Interning at Pietermaritzburg Hospital, Dr Lwazi Manzi said to lessen the burden of more people going to tertiary hospitals, patients were supposed to be treated at primary health care level first.

But Manzi said the state ended up having to spend more money on sick people at tertiary hospitals because of poor access to primary level care where illnesses could be “nipped in the bud”.

She said the shortage led to a “vicious cycle” of under-staffing that placed strain on nurses and doctors.

Manzi said the shortage was “compromising the quality of health care” as it meant patients were not sufficiently monitored.

Several health professionals spoken to complained of poor pay. Democratic Nursing Organisation of South Africa (DENOSA) spokesperson Asanda Fongqo attributed the shortages to poor salaries, working conditions and safety and security.

According to DENOSA, professional nurses earn between $13,000 and $18,000 per annum depending on their level of expertise. This compares with salaries of between $22,500 to $45,000 that can be earned overseas.

Fongqo said there were a high number of cases where nurses were attacked by patients, who took out their frustrations on nurses.

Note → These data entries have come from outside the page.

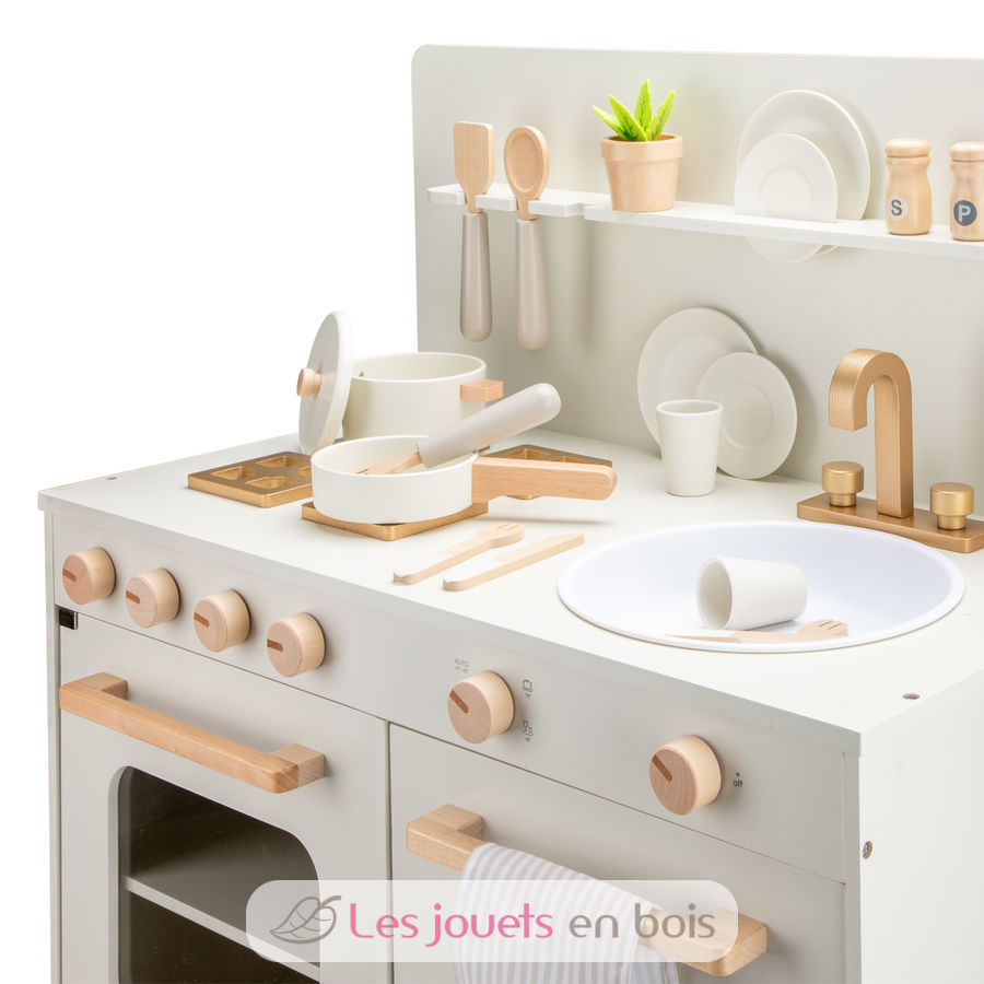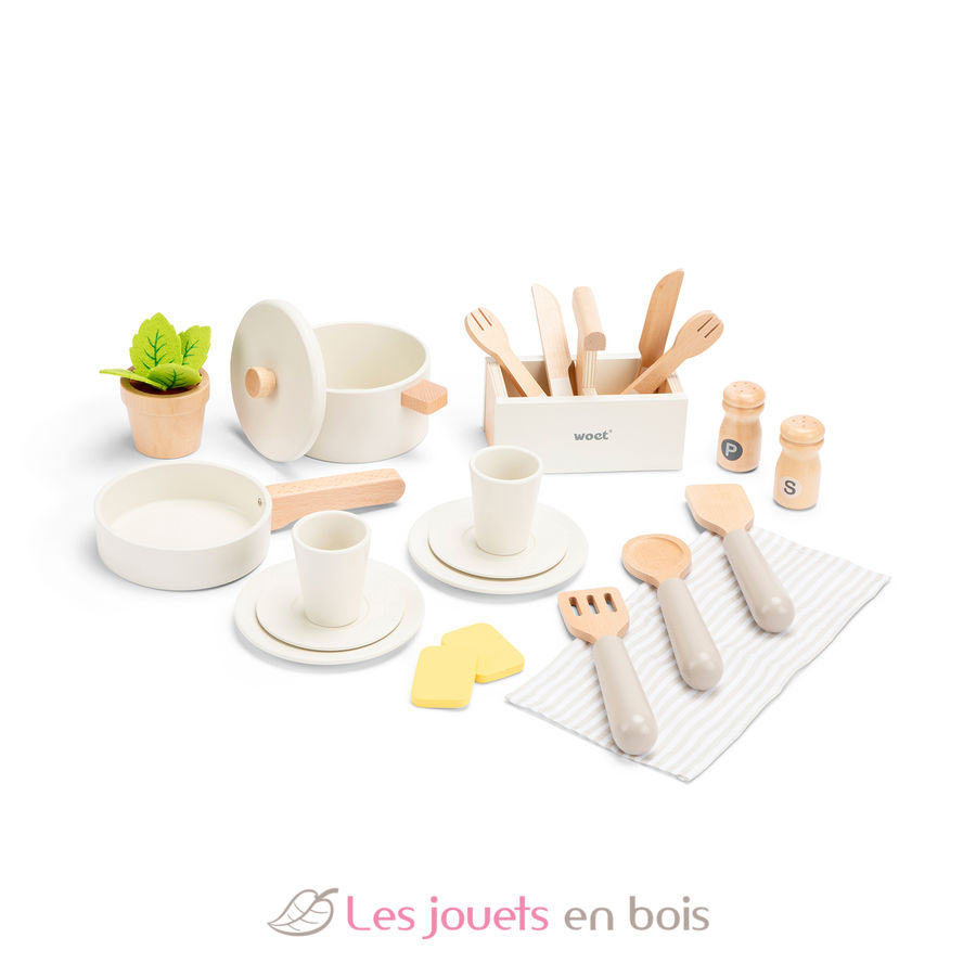 Cet ensemble de jouet d'imitation comprend plus de 20 accessoires en bois, des casseroles, des poêles, des assiettes, des ustensiles et un pot d'herbes aromatiques en bois, pour des heures de jeu de rôle enrichissant.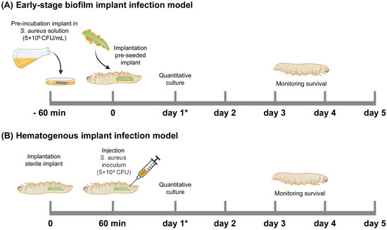 Schematic overview of the Galleria mellonella implant infection models used in this study. (A) Early-stage biofilm implant infection model: An ALBC implant was incubated in an S. aureus solution (5 × 106 CFU/mL) for 60 min before implantation in the larva. (B) Hematogenous implant infection model: a sterile ALBC implant was implanted in the larva, and 10 µL S. aureus inoculum (5 × 104 CFU/larva) was injected after 60 min. The survival of the larvae was monitored for 5 days. N = 30 larvae per experimental group. At 1 day after infection (see *), the number of CFU at the implant surface and in the tissue of the larvae was quantitatively determined (additional larvae, n = 6 per group).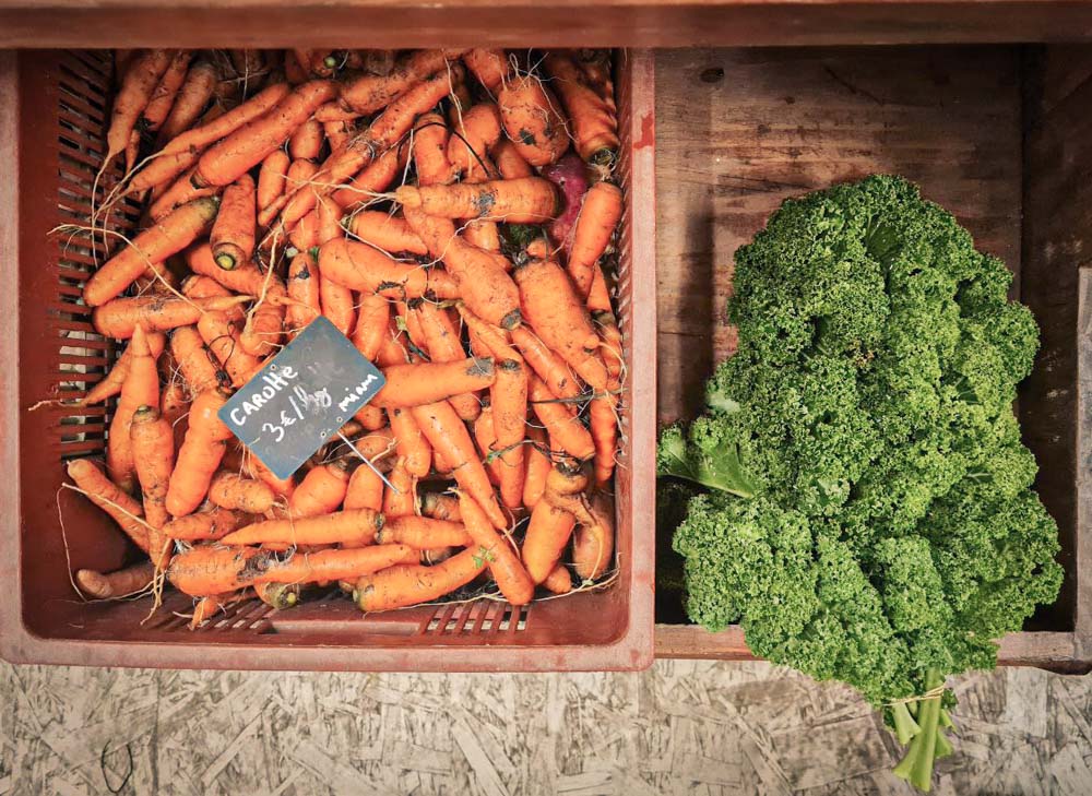 Fruits et légumes de saisons, fromages, produits laitiers et au soja, pain…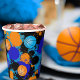 Orange & Blue Paint Splatter Basketball Birthday Paper Cups

Calling for the number of nursing colleges to be increased, he said nurses were working under “abnormal” workloads and were frustrated with the lack of equipment needed to carry out their work.

But the health department says it has developed a new occupational specific remuneration and career progression system for nurses in the public service, which was implemented in 2007.

Hennie Groenewald, director of workforce management in the national health department, argues that this has already shown a return of nurses to the public health sector, although acknowledges that the numbers are small.

Groenewald said the department had also drafted community service interns into the system, with 1,500 injected in 2008 and a further 500 expected later in the year.

In 2009, the department hopes to have more than 2,000 community service interns, but even if the majority of these take up full-time employment after the completion of their community service – as the department hopes – this is a relatively small number compared to the overall shortages of nearly 40,000.